The problem - Below are the records; reproduce all of them exactly but without any images.

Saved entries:
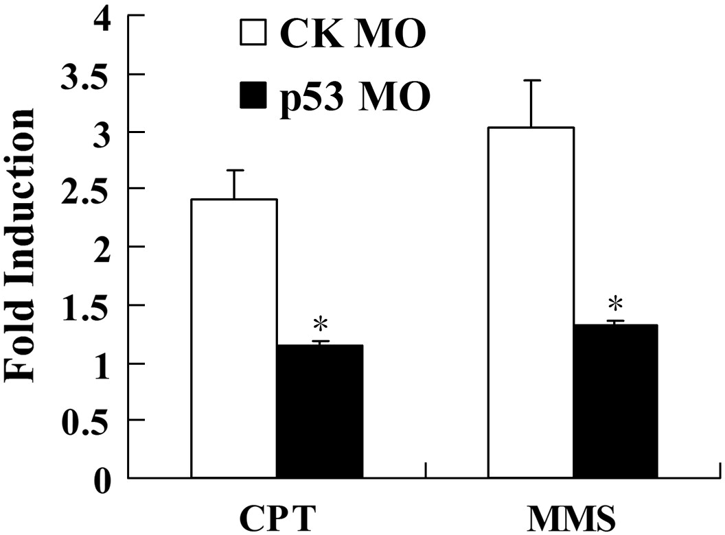 Knockdown of p53 suppresses the DNA damage-induced expression of zebrafish rrm2b gene. Embryos at one-cell stage were injected with 1.5 ng of p53 MO or the standard control (CK) MO. Developing embryos at 24 hpf were treated with 2 µM of CPT or MMS for 6 h and collected for total RNA extraction. Real-time PCR was then performed to determine the expression of p53R2. The ratio of p53R2 to β-actin in untreated embryos was set to 1 in each group, and all treated embryos were normalized relative to this value. Data are expressed as means ± SD from three independent experiments. * indicated p < 0.05 versus the control.
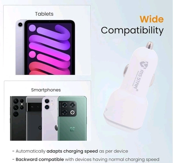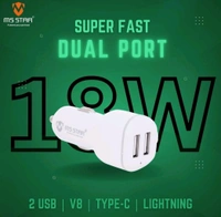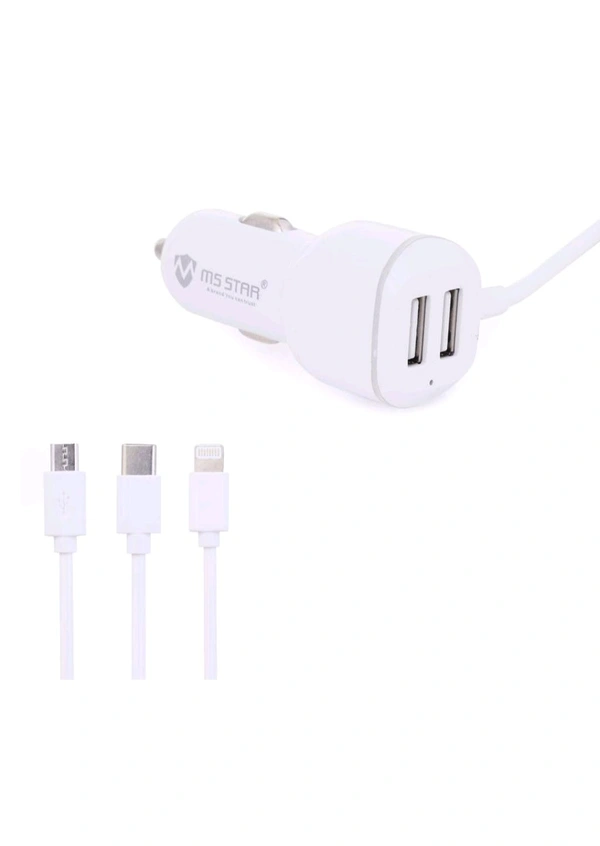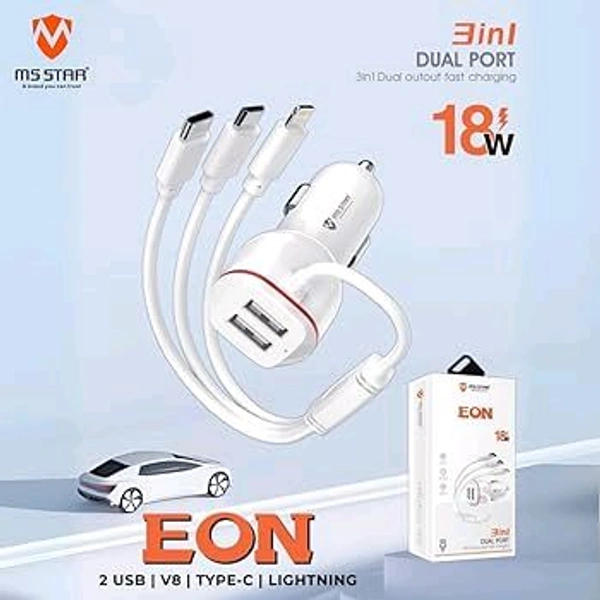 MS STAR 18W Eon Car Charger USB C Fast Charging | 3 in 1 Dual Port for iPhone 16 Pro Max 15 14 13 12 Samsung Galaxy S25 Android
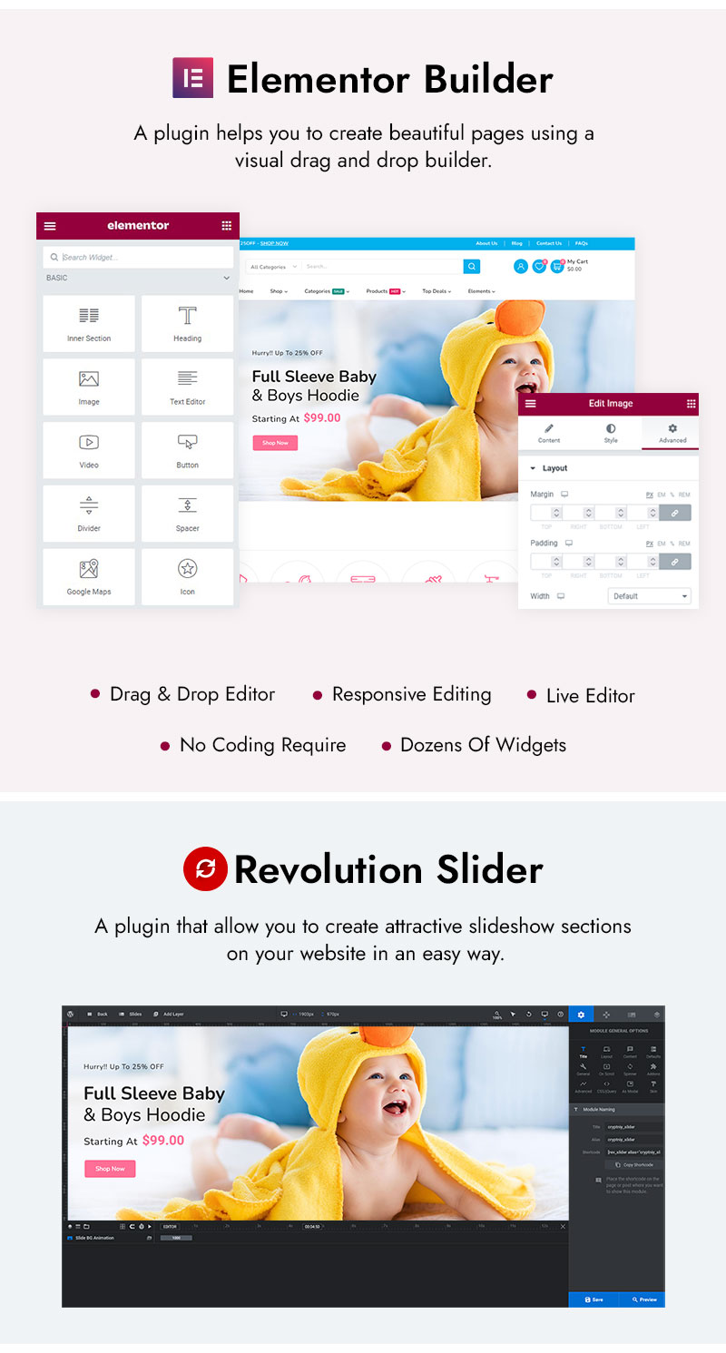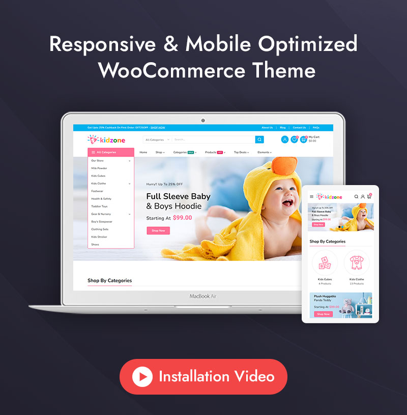 Kidzone - Kids Care and Toys Store Elementor WooCommerce Responsive Theme is a bright, cheerful, and fully responsive WordPress theme designed for online stores selling baby care products, toys, kids' fashion, educational games, and accessories. Built with the intuitive Elementor Page Builder, Kidzone offers powerful customization options and drag-and-drop flexibility, allowing store owners to create beautiful layouts with ease — no coding required.
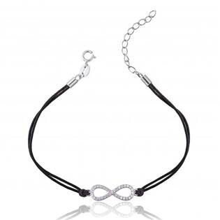 Textilní náramek dekorovaný přívěškem ve tvaru symbolu nekonečno, který je vyroben z rhodiovaného stříbra 925/1000 a je zdoben kubickými zirkony čiré barvy.Délka náramku je 16 cm + 3 cm prodloužení. Náramek ani komponenty komponenty neobsahují nikl, náramek je tedy vhodný i pro alergiky.Šperk...
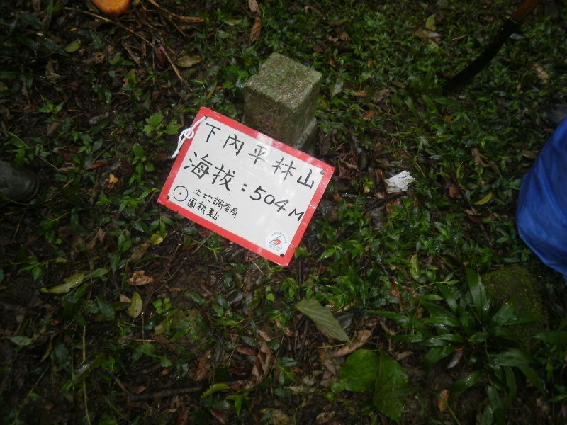 10:41 續行,抵下內平林山,土地調查局圖根點海拔504M。附地寬廣,全體合照。山友雲行要另行踏查別處在此告辭,折返回東步道。
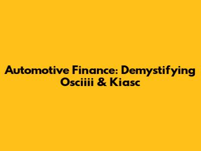 Automotive Finance: Demystifying Osciiii & Kiasc
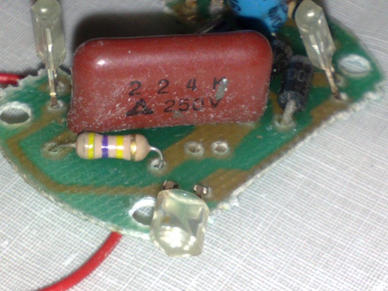 Но ночник питается от бытовой сети 220 Вольт, поэтому нужен блок питания, который сможет запитать цепочку светодиодов используемых в ночнике. Популярны ночники с применением 2, 4 и 8 светодиодов. Почти во всех ночниках применяется бестрансформаторная схема блока питания, в редчайших случаях внутри ночника можно встретить только один ограничительный резистор.
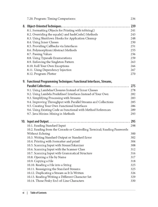 From lambda expressions and JavaFX 8 to new support for network programming and mobile development, Java 8 brings a wealth of changes. This cookbook helps you get up to speed right away with hundreds of hands-on recipes across a broad range of Java topics. You’ll learn useful techniques for everything from debugging and data structures to GUI development and functional programming.Each recipe includes self-contained code solutions that you can freely use, along with a discussion of how and why they work. If you are familiar with Java basics, this cookbook will bolster your knowledge of the language in general and Java 8’s main APIs in particular.Recipes include:Methods for compiling, running, and debuggingManipulating, comparing, and rearranging textRegular expressions for string- and pattern-matchingHandling numbers, dates, and timesStructuring data with collections, arrays, and other typesObject-oriented and functional programming techniquesDirectory and filesystem operationsWorking with graphics, audio, and videoGUI development, including JavaFX and handlersNetwork programming on both client and serverDatabase access, using JPA, Hibernate, and JDBCProcessing JSON and XML for data storageMultithreading and concurrency
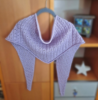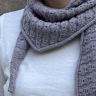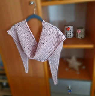 Kleine Hazel, „Little Hazel“, features the same cute stitch pattern as her bigger sister, the Hazel Shawl.
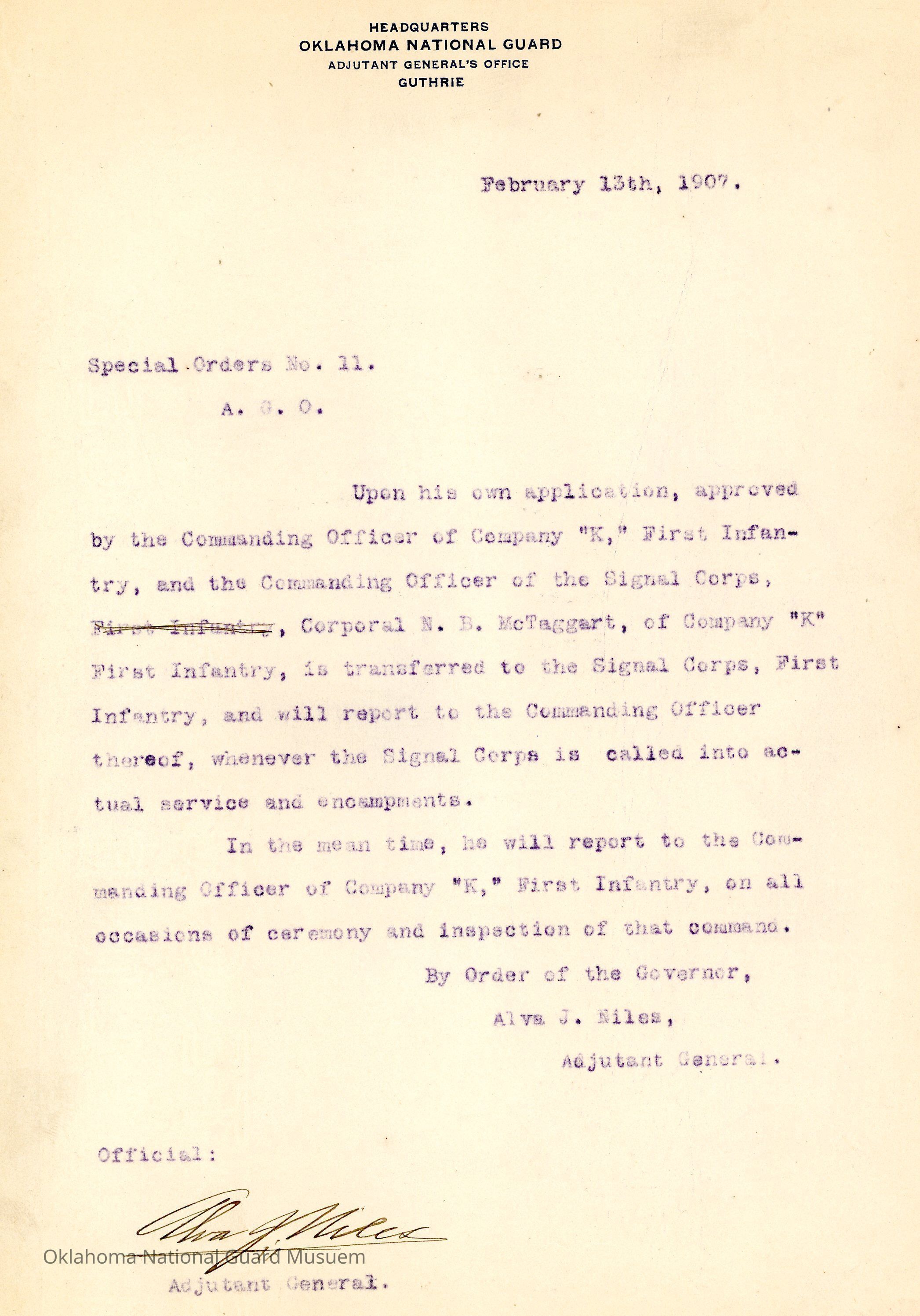 Special Order #11 from Headquarters Adjutant General's Office in Guthrie. The order transfers N.B. McTaggart from Company K First Infantry to the Signal CorpsDate(s) of Creation
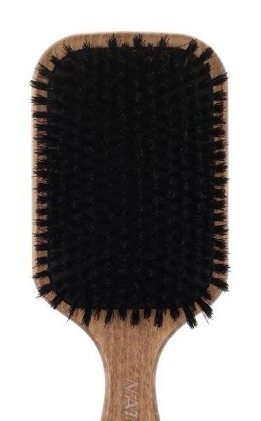 Produkt został wykonany z naturalnego drewna. Wyprofilowana rękojeść idealnie dopasowuje się do kształtu dłoni. Zapewnia wygodę oraz komfort podczas użytkowania. Powierzchnia czesząca posiada gęste, lekko elastyczne kępki szczeciny o różnej długości. Zostały wykonane z naturalnego włosia dzika, umieszczonego na czarnej, pneumatycznej poduszce. Pozwala na dokładne rozczesywanie zarówno długich, jak i krótkich włosów. Produkt wykonano z ogromną starannością i dbałością o detale, dzięki czemu pozwala na długoletnie użytkowanie. Na rękojeści umieszczono logo i nazwę producenta.
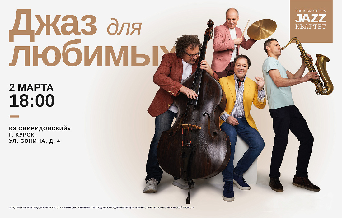 Заслуженные артисты России братья Михаил и Андрей Ивановы представят в Курске авторскую программу My Russian Heart. В концертном зале «Свиридовский» 2 марта для ценителей джазовой и импровизационной музыки выступит джаз-квартет FOUR BROTHERS.
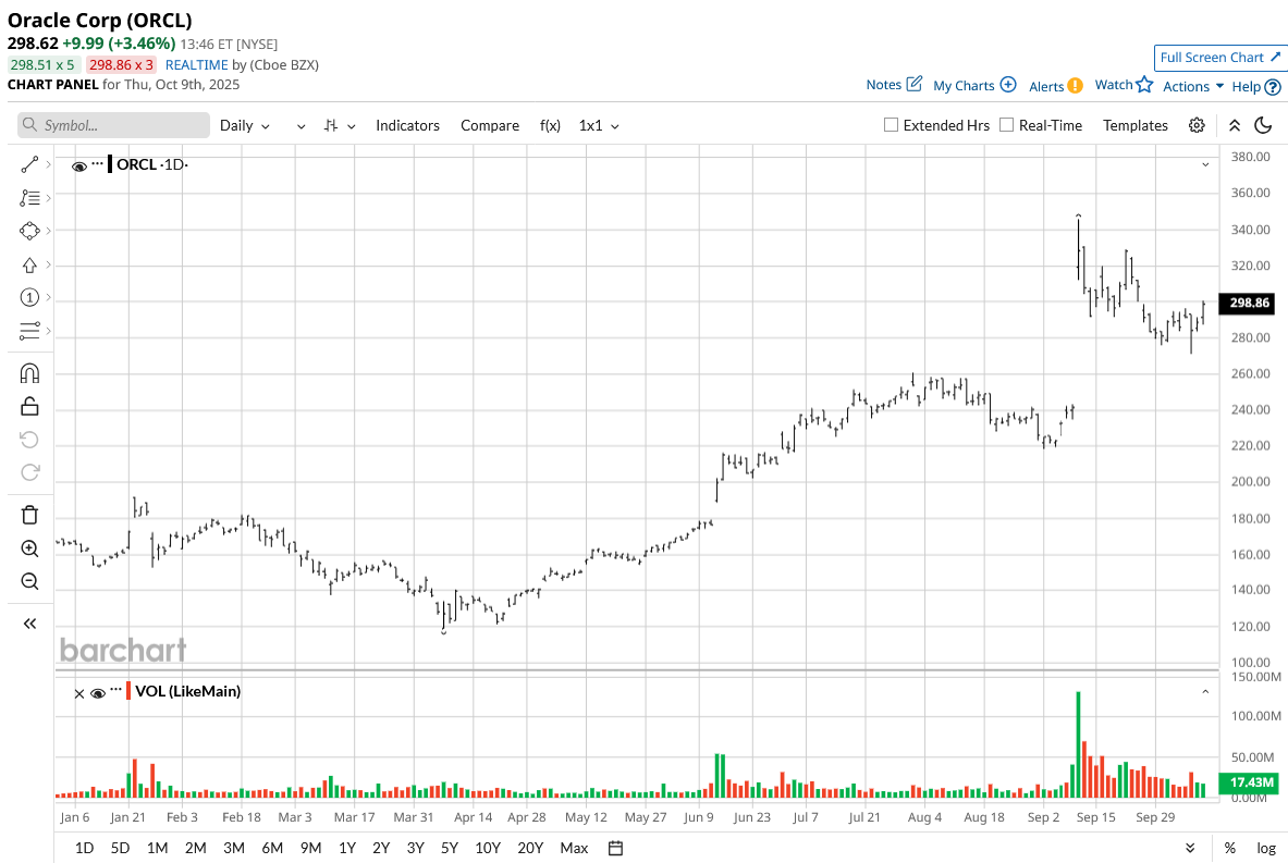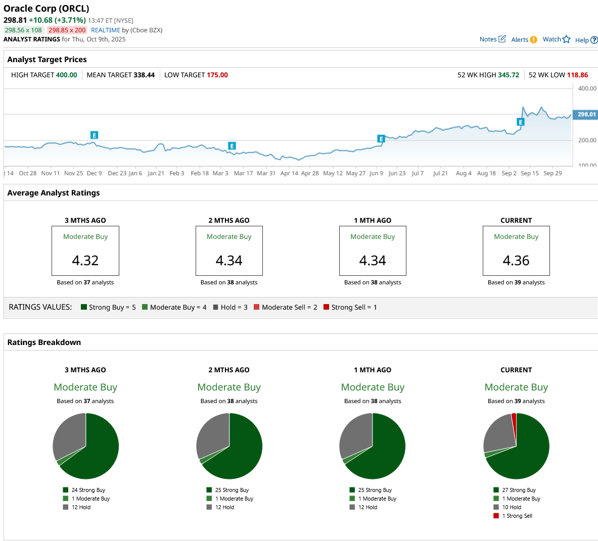 Out of the 39 analysts covering ORCL stock, 27 recommend “Strong Buy,” one recommends “Moderate Buy,” 10 recommend “Hold,” and one recommends “Strong Sell.” The average stock price target for ORCL is $338, which is above the current price of $298.

Task solution -
 Knockdown of p53 suppresses the DNA damage-induced expression of zebrafish rrm2b gene. Embryos at one-cell stage were injected with 1.5 ng of p53 MO or the standard control (CK) MO. Developing embryos at 24 hpf were treated with 2 µM of CPT or MMS for 6 h and collected for total RNA extraction. Real-time PCR was then performed to determine the expression of p53R2. The ratio of p53R2 to β-actin in untreated embryos was set to 1 in each group, and all treated embryos were normalized relative to this value. Data are expressed as means ± SD from three independent experiments. * indicated p < 0.05 versus the control.
 MS STAR 18W Eon Car Charger USB C Fast Charging | 3 in 1 Dual Port for iPhone 16 Pro Max 15 14 13 12 Samsung Galaxy S25 Android
 Kidzone - Kids Care and Toys Store Elementor WooCommerce Responsive Theme is a bright, cheerful, and fully responsive WordPress theme designed for online stores selling baby care products, toys, kids' fashion, educational games, and accessories. Built with the intuitive Elementor Page Builder, Kidzone offers powerful customization options and drag-and-drop flexibility, allowing store owners to create beautiful layouts with ease — no coding required.
 Textilní náramek dekorovaný přívěškem ve tvaru symbolu nekonečno, který je vyroben z rhodiovaného stříbra 925/1000 a je zdoben kubickými zirkony čiré barvy.Délka náramku je 16 cm + 3 cm prodloužení. Náramek ani komponenty komponenty neobsahují nikl, náramek je tedy vhodný i pro alergiky.Šperk...
 10:41 續行,抵下內平林山,土地調查局圖根點海拔504M。附地寬廣,全體合照。山友雲行要另行踏查別處在此告辭,折返回東步道。
 Automotive Finance: Demystifying Osciiii & Kiasc
 Но ночник питается от бытовой сети 220 Вольт, поэтому нужен блок питания, который сможет запитать цепочку светодиодов используемых в ночнике. Популярны ночники с применением 2, 4 и 8 светодиодов. Почти во всех ночниках применяется бестрансформаторная схема блока питания, в редчайших случаях внутри ночника можно встретить только один ограничительный резистор.
 From lambda expressions and JavaFX 8 to new support for network programming and mobile development, Java 8 brings a wealth of changes. This cookbook helps you get up to speed right away with hundreds of hands-on recipes across a broad range of Java topics. You’ll learn useful techniques for everything from debugging and data structures to GUI development and functional programming.Each recipe includes self-contained code solutions that you can freely use, along with a discussion of how and why they work. If you are familiar with Java basics, this cookbook will bolster your knowledge of the language in general and Java 8’s main APIs in particular.Recipes include:Methods for compiling, running, and debuggingManipulating, comparing, and rearranging textRegular expressions for string- and pattern-matchingHandling numbers, dates, and timesStructuring data with collections, arrays, and other typesObject-oriented and functional programming techniquesDirectory and filesystem operationsWorking with graphics, audio, and videoGUI development, including JavaFX and handlersNetwork programming on both client and serverDatabase access, using JPA, Hibernate, and JDBCProcessing JSON and XML for data storageMultithreading and concurrency
 Kleine Hazel, „Little Hazel“, features the same cute stitch pattern as her bigger sister, the Hazel Shawl.
 Special Order #11 from Headquarters Adjutant General's Office in Guthrie. The order transfers N.B. McTaggart from Company K First Infantry to the Signal CorpsDate(s) of Creation
 Produkt został wykonany z naturalnego drewna. Wyprofilowana rękojeść idealnie dopasowuje się do kształtu dłoni. Zapewnia wygodę oraz komfort podczas użytkowania. Powierzchnia czesząca posiada gęste, lekko elastyczne kępki szczeciny o różnej długości. Zostały wykonane z naturalnego włosia dzika, umieszczonego na czarnej, pneumatycznej poduszce. Pozwala na dokładne rozczesywanie zarówno długich, jak i krótkich włosów. Produkt wykonano z ogromną starannością i dbałością o detale, dzięki czemu pozwala na długoletnie użytkowanie. Na rękojeści umieszczono logo i nazwę producenta.
 Заслуженные артисты России братья Михаил и Андрей Ивановы представят в Курске авторскую программу My Russian Heart. В концертном зале «Свиридовский» 2 марта для ценителей джазовой и импровизационной музыки выступит джаз-квартет FOUR BROTHERS.
 Out of the 39 analysts covering ORCL stock, 27 recommend “Strong Buy,” one recommends “Moderate Buy,” 10 recommend “Hold,” and one recommends “Strong Sell.” The average stock price target for ORCL is $338, which is above the current price of $298.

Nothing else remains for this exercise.